School leaders play an integral role in cultivating a culture of critical care in our schools. By making “changes to the vision that they promote and the programs they introduce in order to support their school in (a) forging strong interpersonal relationships between students, faculty, and administration and (b) holding high expectations for student success in high school and beyond” (Tichnor-Wagner & Allen, 2016, p. 410), leaders are able to ensure that teachers are moving towards hard care and are adopting a mindset and pedagogy grounded in critical care. I am left wondering about how school leaders can model hard care with their staff and how important it is that they uphold and model high expectations for their teachers so that it can trickle down to students.

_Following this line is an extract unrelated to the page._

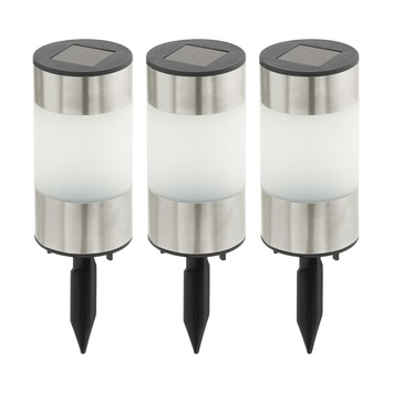 De Eglo Solar LED grondspies set van 3 bestaat uit drie moderne lampen voor in de tuin. Door de ingebouwde zonnecellen hoef je niet na te denken over de stroomvoorziening. De batterij wordt overdag opgeladen zodat de lamp 's avonds kan branden.

1 thought on “Lindsay Romano Week 7 Post

  1. Mariatere Tapias

    Hi Lindsay!

    I was also really drawn to these ideas of hard and soft care. It is also interesting to see how you’re thinking about these concepts, now that I know you work with teachers. I’m curious to hear what you think about the use of hard and soft as descriptors. This reminded me of some of the questions that came up in class after watching, Lean on Me. I found the use of these terms questionable. That we need to ask ourselves why students of color need “hard” care and strategies to succeed? Why we continue to imagine soft as poor, weak, or lacking? I see soft as the direction we need to move in. Understood as being deep spaces for loving, learning, criticality, and transformation.

    Some thoughts and questions after reading your entry.